# Can a tire bubble be repaired?



## zandr (Sep 19, 2009)

Five miles from home on this morning's ride I started hearing a thump when once per wheel revolution. Turns out a pretty sizable bubble had developed in my rear tire and was hitting the caliper. I lowered the pressure in the tire and managed to make it home.
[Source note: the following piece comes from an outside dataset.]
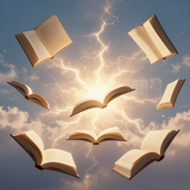 Photograph of six open books with glowing pages surrounded by radiant lightning bolts against a bright, cloudy blue sky.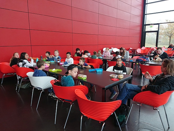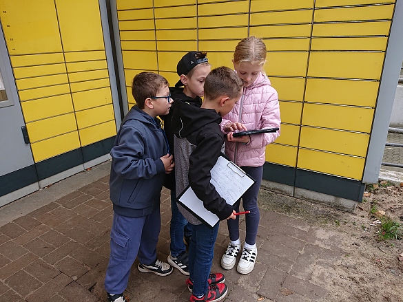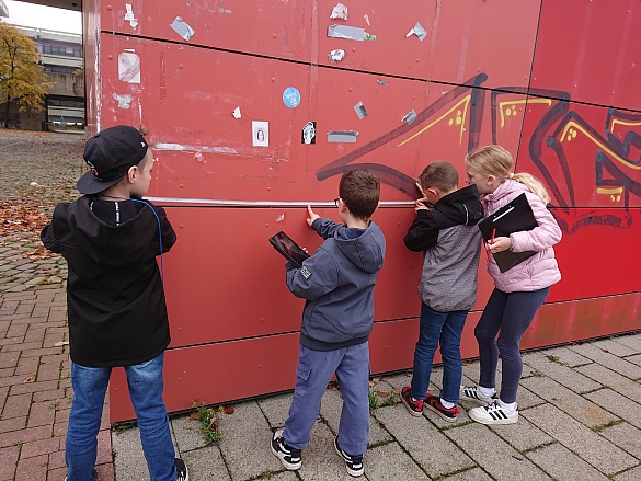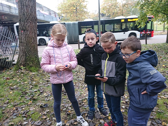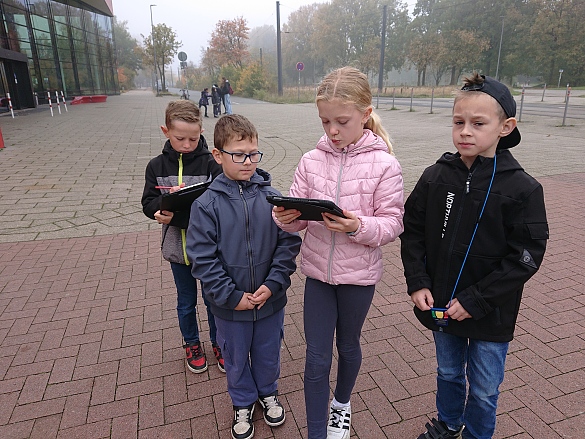 Nach der Pause in der Uni lösten wir ausgestattet mit Ipad zur Orientierung, Maßband, Stoppuhr und Klemmbrett mit Stift in Kleingruppen Matheaufgaben auf dem Campus. Von diesem Mathetrail waren alle Kinder begeistert! Es war ein schöner Herbsttag und gut gelaunt fuhren wir wieder zur Schule.

I know there is a pinhole in the tire from a small piece of wire I removed two weeks ago. I'm assuming this is where the bubble developed. I did use a patch kit on the tire but obviously it didn't work very well.

Questions:
- I am assuming this tire is no longer safe to ride. Is that correct?
- Is there a simple way to fix this?

A replacement tire won't cost all that much so I'm not going to mess with a long, complicated fix. However I'd rather not buy a new tire if it is repairable easily.


----------



## 11.4 (Mar 2, 2008)

Not safe to ride and not really repairable. If it's hitting the calipers, it has to be a pretty decent sized bubble. Your flat was likely not the source of this one unless at the same time you hit something bigger. A bubble most often results from a separation of the plies from a nasty hit by a rock or other road hazard. Occasionally it can be a cut, but if a cut then you should see it clearly on the outside. If it's just a bubble showing up under the rubber, your plies separated. Sometimes it can be a manufacturer's defect, so it's worth showing it to a shop but don't expect much.


----------



## zandr (Sep 19, 2009)

Thanks for the response. That's basically what I expected (not repairable, not safe to ride). I didn't realize it was likely from a rock hit or something but now that you've mentioned it, I didn't see the hole I patched on the bubble. I'm sure it's one of the (many) rocks/etc I rode over this morning (shoulder of a highway). The tire has ~1,850 miles on it so the manufacturer defect angle is probably not going to work with the LBS. 

Thanks for the help!


----------



## Kerry Irons (Feb 25, 2002)

*Boot it and see*



zandr said:


> Five miles from home on this morning's ride I started hearing a thump when once per wheel revolution. Turns out a pretty sizable bubble had developed in my rear tire and was hitting the caliper. I lowered the pressure in the tire and managed to make it home.
> 
> I know there is a pinhole in the tire from a small piece of wire I removed two weeks ago. I'm assuming this is where the bubble developed. I did use a patch kit on the tire but obviously it didn't work very well.
> 
> ...


You may be able to boot this tire and get many more miles out of it. One very effective and low cost boot is a double, triple, or quadruple folded piece of Tyvek (the white "synthetic paper from a FedEx envelope). Before booting the tire, you should do an inspection to see if there are broken casing threads under the bulge. If yes, then the boot is likely not going to work but it depends on a lot of details. Long story short, if you put in the boot, pump up the tire, and there is no bulge (or only a small one) then you are good to go.

As others have noted, you're most likely not seeing a "bubble" like you would see on a car tire but rather the inner tube starting to extrude through the damaged casing. Odds are, the tire is toast, but you can try a Tyvek boot virtually for free, so it's worth a go if you're cheap like me.


----------